Production-Ready Implementation
The following Python implementation uses filterpy for clarity while remaining fully compatible with standard scientific stacks. It handles irregular timestamps, skips missing measurements, and returns a dense trajectory aligned to the original index with explicit uncertainty bounds.
import numpy as np
from filterpy.kalman import KalmanFilter
from datetime import datetime
def interpolate_gps_kalman(
timestamps: list[datetime],
positions: list[tuple[float, float] | None],
process_noise: float = 0.5,
measurement_noise: float = 15.0
) -> dict[str, np.ndarray]:
"""
Interpolates missing GPS points using a 2D constant-velocity Kalman filter.

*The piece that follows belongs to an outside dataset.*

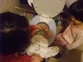 おはようございまぁす今日も天気が悪いですよ。昨夜から冷たい雨が降り続けています今日は、大ちゃんのトイレ練習中の紹介女のことは違って男の子は、おしっこやうんちのタイミングが分かりやすいのかな1日に1回~数回は、トイレでできる大ちゃん。あ~ちゃんのときは、こんなにできなかったけどな。時々、すごい音が聞こえてきて、思わず笑っちゃう父ちゃんです昨日は、久しぶりに大ちゃんと一緒にお風呂に入った父ちゃん湯船でプカプカ浮きながら漂って気持ちよさそうな大ちゃん。仕事で疲れていたけど、ちょっぴり幸せな気分を味わった父ちゃんでした

Handles irregular sampling and returns dense trajectories with uncertainty bounds.
"""
n = len(timestamps)
if n == 0:
return {"lat": np.array([]), "lon": np.array([]), "uncertainty": np.array([])}
# Initialize filter
kf = KalmanFilter(dim_x=4, dim_z=2)
kf.x = np.array([positions[0][0], positions[0][1], 0.0, 0.0]) # lat, lon, v_lat, v_lon
kf.P *= 10.0 # Initial state uncertainty
kf.R *= measurement_noise
kf.Q *= process_noise
kf.H = np.array([[1, 0, 0, 0],
[0, 1, 0, 0]]) # Map full state to position only
out_lat = np.empty(n)
out_lon = np.empty(n)
out_unc = np.empty(n)
for i in range(n):
if i > 0:
dt = (timestamps[i] - timestamps[i-1]).total_seconds()
dt = max(dt, 0.1) # Prevent degenerate matrices
# Update transition matrix for variable dt
kf.F = np.array([
[1, 0, dt, 0],
[0, 1, 0, dt],
[0, 0, 1, 0],
[0, 0, 0, 1]
])
# Prediction step (always runs)
kf.predict()
# Update step (only if measurement exists)
if positions[i] is not None:
kf.update(np.array([positions[i][0], positions[i][1]]))
# Store results
out_lat[i] = kf.x[0]
out_lon[i] = kf.x[1]
out_unc[i] = np.sqrt(kf.P[0, 0] + kf.P[1, 1]) # Combined positional std dev
return {"lat": out_lat, "lon": out_lon, "uncertainty": out_unc}
Tuning, Validation & Pipeline Integration
Tuning Q and R dictates the filter’s responsiveness. A low Q trusts the motion model heavily, smoothing out noise but lagging during sharp turns. A high Q tracks rapid maneuvers but amplifies measurement jitter. For urban mobility workloads, start with R derived from the receiver’s reported HDOP or CEP50 values, and scale Q empirically against known ground-truth routes.
When processing high-frequency logistics telemetry, consider upgrading from constant-velocity to a Constant Turn Rate and Velocity (CTRV) model. CTRV explicitly captures angular dynamics, reducing interpolation drift during highway merges or roundabouts. For a rigorous mathematical foundation on state estimation and noise covariance tuning, refer to the An Introduction to the Kalman Filter by Welch & Bishop, which remains the standard reference for linear-Gaussian systems.
Validate interpolated segments using root-mean-square error (RMSE) against held-out pings or by checking if uncertainty bounds remain within acceptable thresholds for your use case. In production pipelines, wrap the filter in a vectorized batch processor or compile it via numba to handle millions of device trajectories without Python loop overhead. The output uncertainty column should be fed directly into downstream confidence scoring, ensuring that analytics never treat a 30-second tunnel gap with the same weight as a 1-second high-accuracy ping.